Es meldeten sich zahlreiche Zeugen, die Elizabeth Short in dieser Nacht und in den Tagen danach noch lebend gesehen haben wollten. Doch keine dieser Aussagen ließ sich verifizieren. Es waren alles Einzelsichtungen an unterschiedlichen Orten in und rund um Los Angeles. Es fanden sich keine zwei Personen, die sie unabhängig voneinander zur gleichen Zeit am gleichen Ort beobachtet hatten.

Die Ermittler spekulierten, ob Elizabeth Short ihrem Mörder bereits am Abend des 9. Januar 1947 in die Hände fiel und deshalb entgegen ihren sonstigen Gewohnheiten komplett von der Bildfläche verschwand. Hatte er die Frau also eingesperrt und womöglich tagelang gefoltert? Dafür sprach, dass man Shorts Koffer später im Busbahnhof fand, ohne dass etwas zu fehlen schien. Die als eitel geltende Frau sollte also mehrere Tage ihre Kleider nicht gewechselt haben? Das war schwer zu glauben.

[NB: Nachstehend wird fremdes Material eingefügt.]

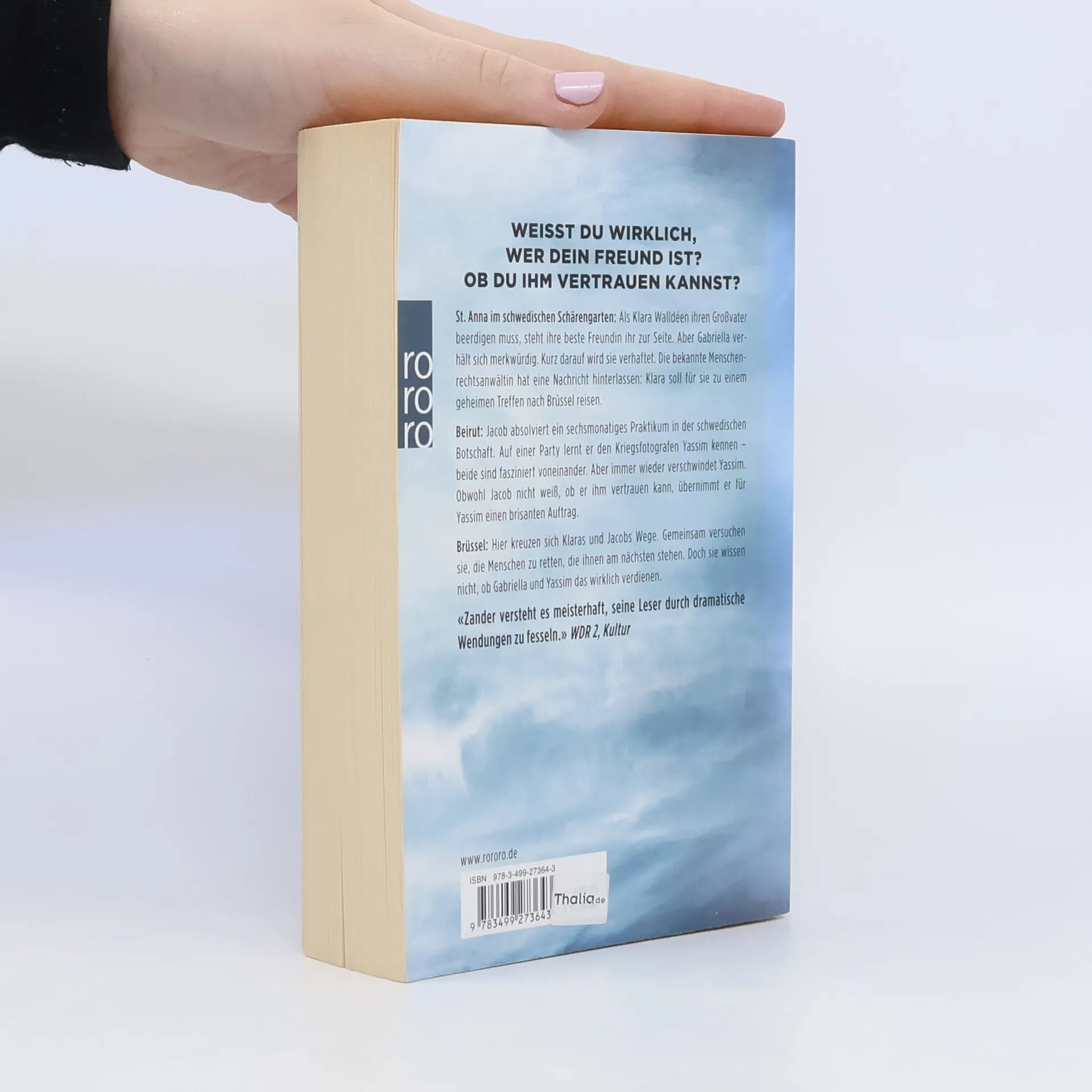 Weißt Du wirklich, wer dein Freund ist? Ob du ihm vertrauen kannst? St. Anna im schwedischen Schärengarten: Als Klara Walldéen ihren Großvater beerdigen muss, steht ihre beste Freundin ihr zur Seite. Aber Gabriella verhält sich merkwürdig. Kurz darauf wird sie verhaftet. Die bekannte Menschenrechtsanwältin hat eine Nachricht hinterlassen: Klara soll für sie zu einem geheimen Treffen nach Brüssel reisen. Beirut: Jacob absolviert ein sechsmonatiges Praktikum in der schwedischen Botschaft. Auf einer Party lernt er den Kriegsfotografen Yassim kennen – beide sind fasziniert voneinander. Aber immer wieder verschwindet Yassim. Obwohl Jacob nicht weiß, ob er ihm vertrauen kann, übernimmt er für Yassim einen brisanten Auftrag. Brüssel: Hier kreuzen sich Klaras und Jacobs Wege. Gemeinsam versuchen sie, die Menschen zu retten, die ihnen am nächsten stehen. Doch sie wissen nicht, ob Gabriella und Yassim das wirklich verdienen.

Ein geheimnisvolles Päckchen

Ihr Gepäck gab den Ermittlern noch in anderer Hinsicht Rätsel auf. Einige Reporter hatten die Koffer als Erste aufgespürt. Sie übergaben das Beweismaterial umgehend an die Polizei. Sie behaupteten, sie hätten den Inhalt nicht angerührt. Einige Tage später traf beim »Los Angeles Examiner« ein Päckchen ohne Absender ein. Der Inhalt war brisant. Neben einem Schreiben enthielt es Shorts Geburtsurkunde, ihre Sozialversicherungskarte, die Todesanzeige von Matt Gordon, zahlreiche Schnappschüsse und ein Adressbuch mit den Namen von rund 75 Männern.

Das Packpapier war mit Benzin behandelt worden – eine bei Kriminellen beliebte Methode, um jegliche Fingerabdrücke abzuwaschen. Im ersten Augenblick deutete alles darauf hin, dass das Paket von Elizabeth Shorts Mörder stammte. Aber die Ermittler konnten nicht ausschließen, dass einer der Reporter die Gegenstände aus ihren Koffern entwendet hatte, bevor man sie der Polizei übergab. Ein anonymes Päckchen vom vermeintlichen Mörder garantierte schließlich eine hohe Auflage.

Das Adressbuch

Die Polizei überprüfte die Namen im Adressbuch und konnten die meisten unbekannten Personen auf den Fotos ermitteln. Sie alle erzählten die gleiche Geschichte. Sie hatten Elizabeth Short abends irgendwo auf dem Hollywood Boulevard oder in einem Nachtklub kennengelernt. Sie hatten sie zu ein paar Drinks oder einer Mahlzeit eingeladen. Als sie dann merkten, dass die Begegnung nicht auf ein anschließendes Schäferstündchen hinauslief, verloren sie rasch das Interesse. Sie sahen Elizabeth Short nie wieder.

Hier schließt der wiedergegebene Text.